The data -
____

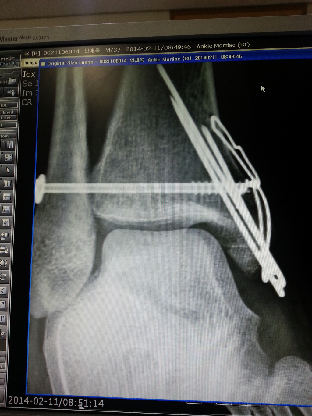 빙판에서 넘어져 양과골절로 2013.12.31.사진과같이 수술하였구요
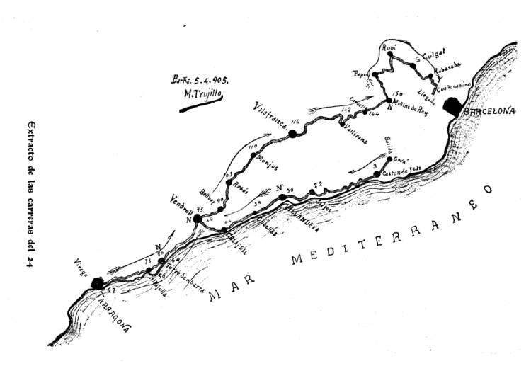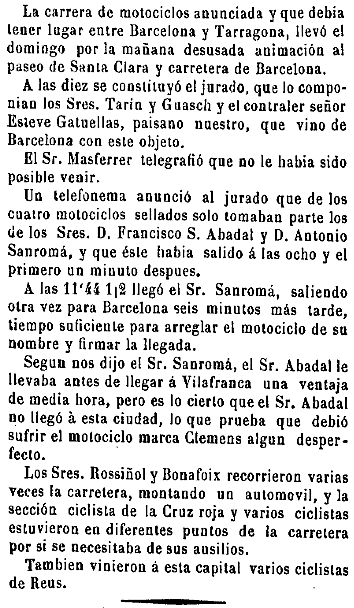 Barcelona. 24 d’abril, dilluns de Pasqua. Es corre una cursa important, organitzada per l’Sportmen’s Club. Dificultats en l’itinerari inicial determinen finalment Gavà com a punt de sortida d’una corrida de motocicletas, mentre que el viratge es fixa a Tarragona. Potser l’oferiment d’un premi de 125 ptes. del Club Velocipedista de Guillem Tarin pel qui corri més.els va fer canviar d’opinió…
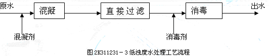 答:當原水濁度很低時,可以省去沉淀構筑物,將原水加入混凝劑,然后直接過濾,如圖2K311231-3但是在生活飲用水處理中,過濾是必不可少的步驟。

____

Exercise directions -
Repeat the listing above word for word, omitting the pictures.

Finished task -
 빙판에서 넘어져 양과골절로 2013.12.31.사진과같이 수술하였구요
 Barcelona. 24 d’abril, dilluns de Pasqua. Es corre una cursa important, organitzada per l’Sportmen’s Club. Dificultats en l’itinerari inicial determinen finalment Gavà com a punt de sortida d’una corrida de motocicletas, mentre que el viratge es fixa a Tarragona. Potser l’oferiment d’un premi de 125 ptes. del Club Velocipedista de Guillem Tarin pel qui corri més.els va fer canviar d’opinió…
 答:當原水濁度很低時,可以省去沉淀構筑物,將原水加入混凝劑,然后直接過濾,如圖2K311231-3但是在生活飲用水處理中,過濾是必不可少的步驟。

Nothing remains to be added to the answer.